South facade and main entrance of the Poelzig building

The building

IGFarbenEingang.jpg
Entrance hall with a view of the casino through the Eisenhower rotunda.
IGFarbenKasino.jpg
The casino from the back of the main building.
IGFarbenRueckseite.jpg
Back of the main building as seen from the casino. Fountain, nymph sculpture, rotunda.

I. G. Farbenindustrie AG , founded in Frankfurt am Main in 1925/26, needed a representative office building for its central administration. The space requirement of the then fourth-largest company in the world was enormous, and so one of the largest office buildings of the time was built on part of the Grüneburg site , which was still considered ultra-modern until the 1950s.

The clients did not want a Bauhaus style , but an "iron and stone symbol of German commercial and scientific labor". Hans Poelzig designed the building in decidedly modern forms , but in a material style that was typical for him. Experts consider the building to be part of the New Objectivity , with some emphasizing Poelzig's independence.

Vestibule with porter's box (on the right edge of the picture). The walls are clad with copper.

The design language of the generously swinging structure combined modernity and tradition. The cladding with stone slabs made of Cannstatt travertine reinforces the warm and at the same time monumental look. The interior construction and the design of the high-quality interior was carried out according to plans by Poelzig's partner Marlene Moeschke-Poelzig .

The 14 hectare park was built in 1929/30 according to plans by Hans Poelzig, who worked with the Frankfurt horticultural director Max Bromme, Karl Foerster and artists from the Bornimer district. The young Herta Hammerbacher and Hermann Mattern were among the Foerster employees .

The building is 250 meters long, 35 meters high and has nine storeys, with the storey height decreasing from the ground floor towards the top (from 4.6 to 4.2 meters). This makes the building look higher to the viewer. The total building volume of 280,000 m³ was built from 4600 tons of steel, the steel frame construction was filled in with bricks and the floors were built from hollow stones. The facade was clad with 33,000 m² Cannstatter travertine, the windows arranged in continuous bands interrupted only by the emphasized corners. The top floor is windowless, has, with the exception of the transverse structures, a very low room height and forms a clear building closure.

The IG-Farben building consists of a 10.9-meter-wide segment of a circle pierced by six radial transverse wings. A central corridor runs through the entire building, connecting the transverse wings. Due to the slight curve of the building, the hallway is visually deprived of its enormous length, which was originally not interrupted by doors. Due to their arrangement in the wings as in the main wing, all office spaces receive sufficient natural lighting and ventilation. The building looks impressive from the front, but this effect is softened by the convex shape. Inside, the building shows a lightness. In large complexes, this construction method offers an alternative to block development with inner courtyards. The prototype of this form is the General Motors Building (today: Cadillac Place ) in Detroit (1917 to 1921) by Albert Kahn .

The only entrance (apart from a few emergency exits) was up until the modernization before the university moved in in the central axis of the building, with a temple-like pillar portico in front of it, which dignified the entrance situation - a relatively common motif in administrative buildings of that time. The entrance area is somewhat splendidly designed: the entrance and elevator doors are made of bronze, the ceiling and walls of the vestibule are clad with bronze panels and copper friezes . The entrance hall behind with the two curved staircases has a ceiling with sheet aluminum and marble walls with a diamond pattern. Also in the central axis on the back of the building is a fully glazed round pavilion attached, which reveals a view of the casino, which is also located on this axis, about a hundred meters away. When the Americans were using it, there was a small snack bar in the rotunda and later a conference room. Today there is again a café in the room named after Dwight D. Eisenhower .

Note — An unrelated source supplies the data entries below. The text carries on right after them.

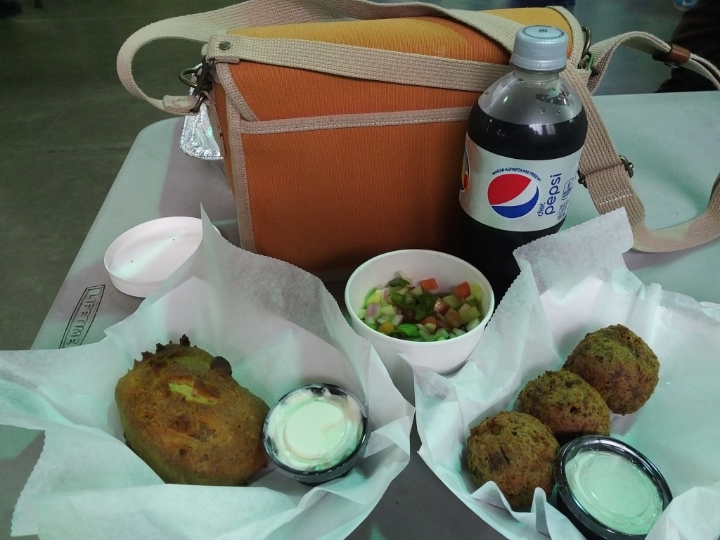 I’m already giddy from the blue ribbon, so I order an Israeli chopped salad (minced vegetables with dressing), a deep-fried cheese blintz with sour cream, and an order of deep-fried matzo balls with ranch dressing.  No, they didn’t have deep-fried Gefilte fish.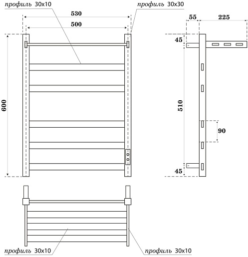 Комплектация: полотенцесушитель, крепление к стене (3 шт.), сетевой кабель.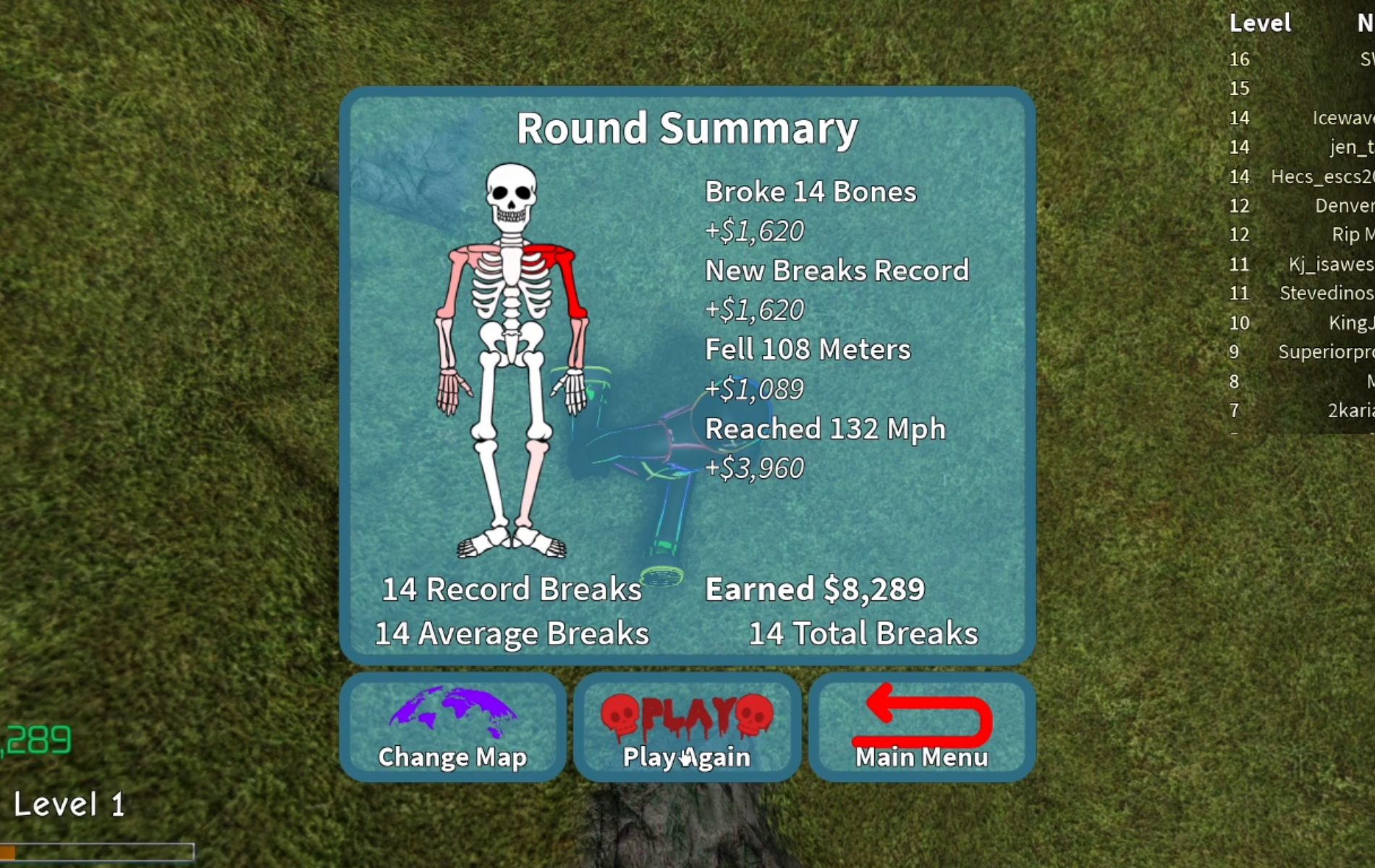 一旦你撞到地面,你就會看到你的統計數據彈出在屏幕上。它將顯示您骨折的骨頭數量以及受傷的部位。根據你造成的傷害程度,你將獲得現金。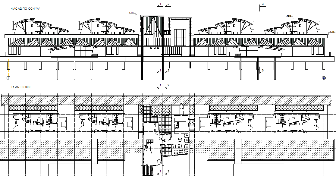 Modern architecture concept villa elevation dwg file, same elevation design villa and top view plan detail in auto cad format

Between the main building and the casino, and therefore not visible from the street, there is a park with terraces and tiered water basins with the nymph sculpture Am Wasser, created by Fritz Klimsch . The casino stands in the axis of the main building on a hill. The canteen and lecture halls are now housed in the two-storey building with a terrace in front of it.

The other ancillary buildings located on the site (laboratory, garages, heating plant) have no spatial relation to the main building, they are scattered around the edge of the park.

Particularly well-known - and popular with students - are the paternoster elevators in the main building, which connect seven of the nine floors. Even after the restoration, the university kept it for monument protection reasons . After an accident caused by improper use, the paternoster lifts could only be used with an authorization certificate that was only available to students and employees of the university. From an extra 3 he was named paternoster driver's license . It can now be used again without a certificate of entitlement.

history

Plan of the Poelzig building

The building was built on the Grüneburg site in the “Affensteiner Feld”, an area in the northern part of what is now the Westend district , which has belonged to the Rothschild family since 1837 and which has housed the municipal insane asylum (also known as the Mad Castle ) since 1864 . The Grüneburgpark was laid out on the larger western part of the site from 1880 . The IG Farben AG , founded two years earlier, in 1927 acquired the property to build on their corporate headquarters.

In August 1928 won Hans Poelzig the five planners, including the Frankfurt Urban Planning Councilor Ernst May (together with Martin Elsaesser ) and Fritz Hoger and Jacob Koerfer , limited architectural competition .

The foundation work for the foundation took place at the end of 1928; In the summer of 1929, the construction of the structure began using the then progressive steel frame construction . The 250 meter long structure was completed in 1930. In 1931 the casino, the laboratory building and the terraced outdoor area with a water basin followed.

The IG-Farben building only served its original purpose for 15 years. During the air raids on Frankfurt during World War II, it was fortunate that it remained unscathed: On August 27, 2017, a dud from an English air mine was discovered on a construction site about 300 meters north of the building . Its defuse on September 3, 2017 required the largest evacuation in the history of the Federal Republic of Germany .

Allied troops occupied the site on March 29, 1945. The building was the headquarters of the Allied Expeditionary Forces ( SHAEF ) under General Dwight D. Eisenhower until July 1945 and was then the US headquarters ( USFET ) for Europe. The former Eisenhower office, which has been preserved and is still used for festive occasions, was the scene of important historical events. Here Dwight D. Eisenhower signed the US military government's "Proclamation No. 2" in 1945 , with which the Prussian province of Hessen-Nassau was united with the main part of the former state of Hessen on the right bank of the Rhine under the provisional name of Greater Hessen . On July 1, 1948, the eleven West German Prime Ministers, in the presence of the three Allied military governors, received the Frankfurt documents with the task of drafting the Basic Law . Shortly before, on June 20, 1948, the new (West) German currency, the Deutsche Mark , was announced here. The administration of the Bizone Economic Council was also located in the building.

From 1952, the building served as the European headquarters of the US Armed Forces ( United States European Command ) and headquarters of the US 5th Corps . The headquarters of the CIA in Germany was also located in the IG-Farben building . The technical headquarters of the CIA was disguised as the “Department of the Army Detachment” (DAD), for example “Department of the Army Special Command”. The Americans initially called it the Color Building and in 1975 it was officially renamed General Creighton W. Abrams Building after the penultimate Commander in Chief in the Vietnam War .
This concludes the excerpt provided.